Ich frage mich was für eine Art Bekehrung ein 5-jähriges Kind haben kann.

Ja, das kann ich verstehen. Vielleicht ist "Bekehrung" auch einfach nur das falsche Wort dafür, denn wenn ich Bekehrung in Sinn von Röm 2,4 verstehe, dass einen die Güte Gottes zur Umkehr und Buße leitet, ist es durchaus berechtigt zu fragen, wovon ein 5-jähriges FroKi (Kind frommer Eltern) umkehren und worüber es Buße tun will.
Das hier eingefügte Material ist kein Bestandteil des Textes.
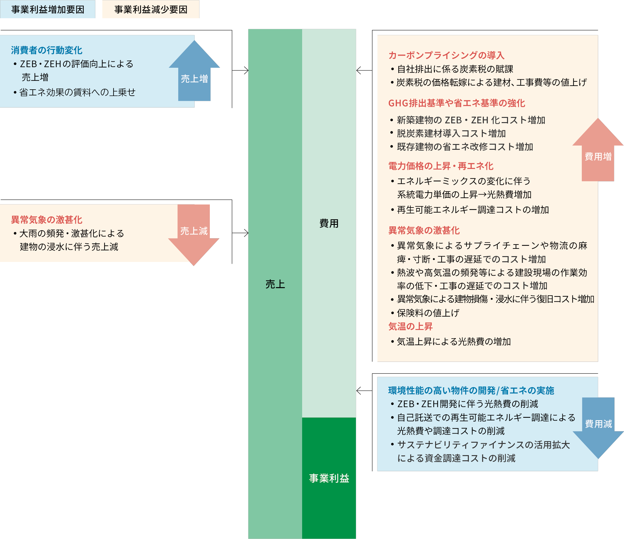 当社グループの財務に与える影響の大きさを考慮し、主力事業であるビル事業と住宅事業を対象として、建物を開発・保有するエリアや、開発、運営・管理、販売・売却の各事業フェーズの実態を踏まえ、それぞれで想定される気候変動に関するリスク・機会を特定したうえで、その影響度と発生可能性から重要度評価を行っています。なお、影響を受ける期間を、短期(1~5年)、中期(5~10年)、長期(10年超)に分けて整理しています。

Jedoch sollen uns Erwachsenen gerade die Kinder Vorbild sein, denn "wer das Reich Gottes nicht annimmt wie ein Kind, wird dort nicht hineinkommen".

Vielleicht sollte man daher neben der "Bekehrung" noch andere Formeln oder Begriffe etablieren. Selbst FroKi, bevorzuge ich die Formel "ich bin gläubig geworden". Das trifft es für mich eher.